• **SUPPLIED DATA**
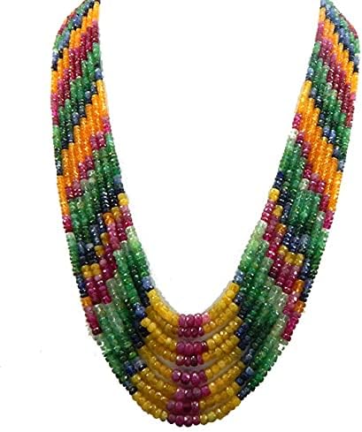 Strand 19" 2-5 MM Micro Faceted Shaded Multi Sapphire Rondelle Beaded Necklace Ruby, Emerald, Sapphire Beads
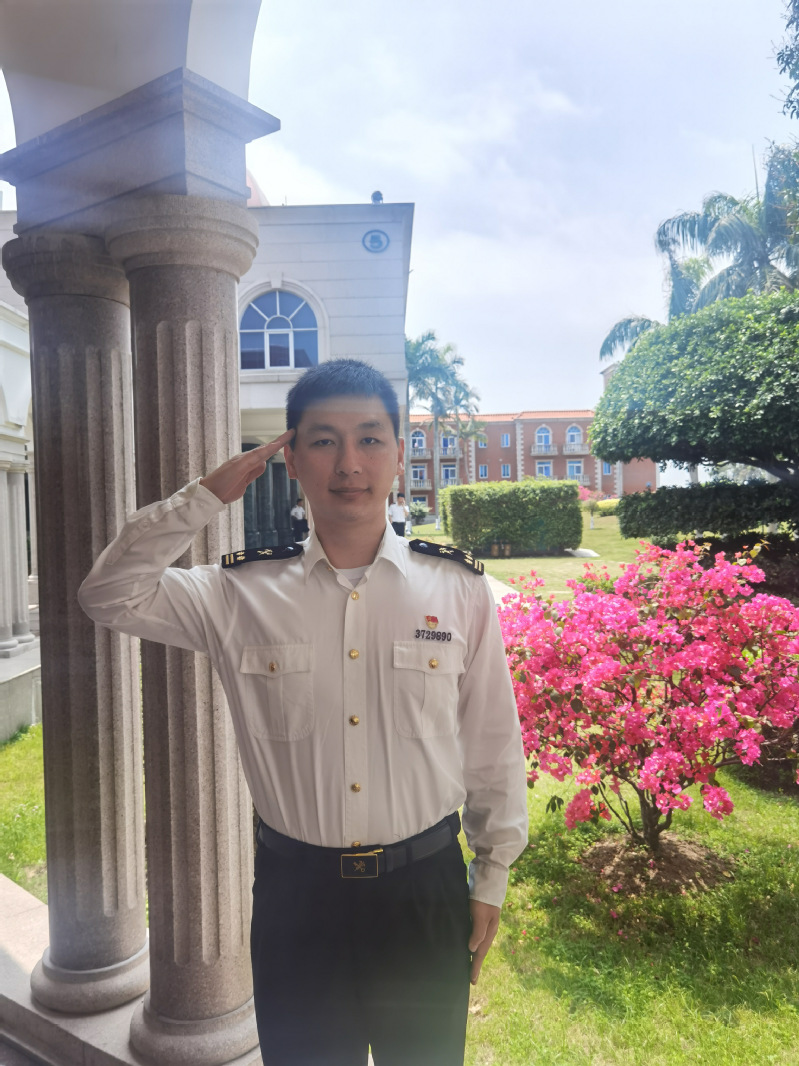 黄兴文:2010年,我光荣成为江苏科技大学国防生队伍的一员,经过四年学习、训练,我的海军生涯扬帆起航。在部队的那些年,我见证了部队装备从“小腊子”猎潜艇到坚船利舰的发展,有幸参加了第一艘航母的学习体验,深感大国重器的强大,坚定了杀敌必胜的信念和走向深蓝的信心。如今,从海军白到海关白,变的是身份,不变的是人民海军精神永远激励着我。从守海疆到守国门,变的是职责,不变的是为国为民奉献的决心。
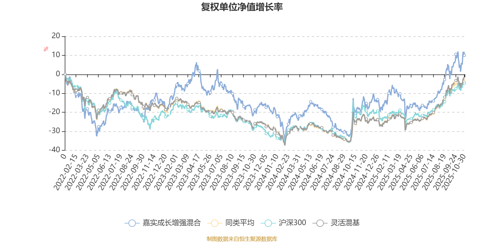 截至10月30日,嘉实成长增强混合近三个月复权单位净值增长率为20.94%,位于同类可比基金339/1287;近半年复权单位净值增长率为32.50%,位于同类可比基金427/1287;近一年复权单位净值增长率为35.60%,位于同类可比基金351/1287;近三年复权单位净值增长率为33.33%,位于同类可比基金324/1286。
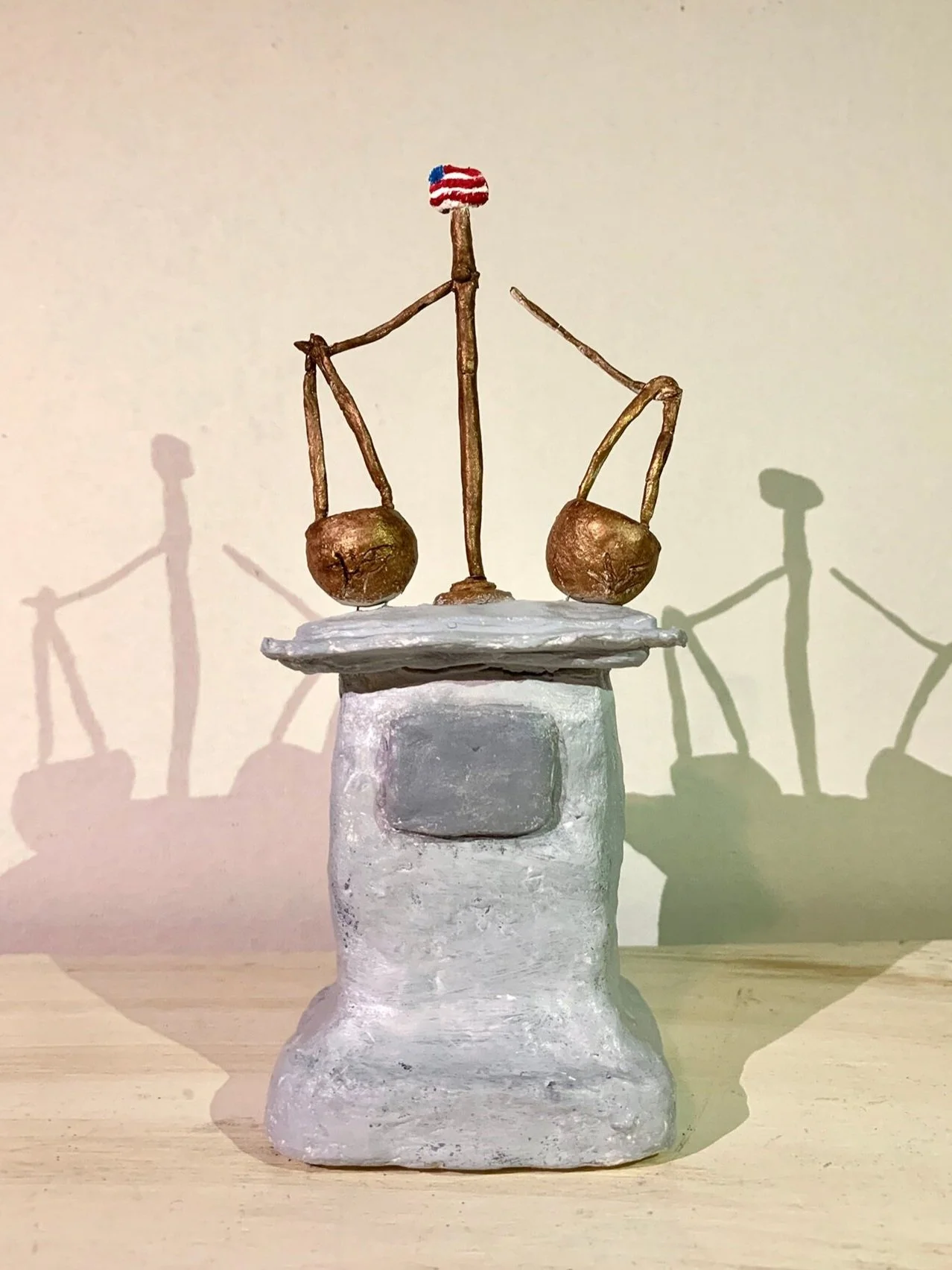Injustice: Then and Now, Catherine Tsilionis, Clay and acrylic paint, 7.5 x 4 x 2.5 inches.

• **THE TASK**
In your copy of the listing above, reproduce each line exactly and omit all pictures.

• **WORKED SOLUTION**
 Strand 19" 2-5 MM Micro Faceted Shaded Multi Sapphire Rondelle Beaded Necklace Ruby, Emerald, Sapphire Beads
 黄兴文:2010年,我光荣成为江苏科技大学国防生队伍的一员,经过四年学习、训练,我的海军生涯扬帆起航。在部队的那些年,我见证了部队装备从“小腊子”猎潜艇到坚船利舰的发展,有幸参加了第一艘航母的学习体验,深感大国重器的强大,坚定了杀敌必胜的信念和走向深蓝的信心。如今,从海军白到海关白,变的是身份,不变的是人民海军精神永远激励着我。从守海疆到守国门,变的是职责,不变的是为国为民奉献的决心。
 截至10月30日,嘉实成长增强混合近三个月复权单位净值增长率为20.94%,位于同类可比基金339/1287;近半年复权单位净值增长率为32.50%,位于同类可比基金427/1287;近一年复权单位净值增长率为35.60%,位于同类可比基金351/1287;近三年复权单位净值增长率为33.33%,位于同类可比基金324/1286。
Injustice: Then and Now, Catherine Tsilionis, Clay and acrylic paint, 7.5 x 4 x 2.5 inches.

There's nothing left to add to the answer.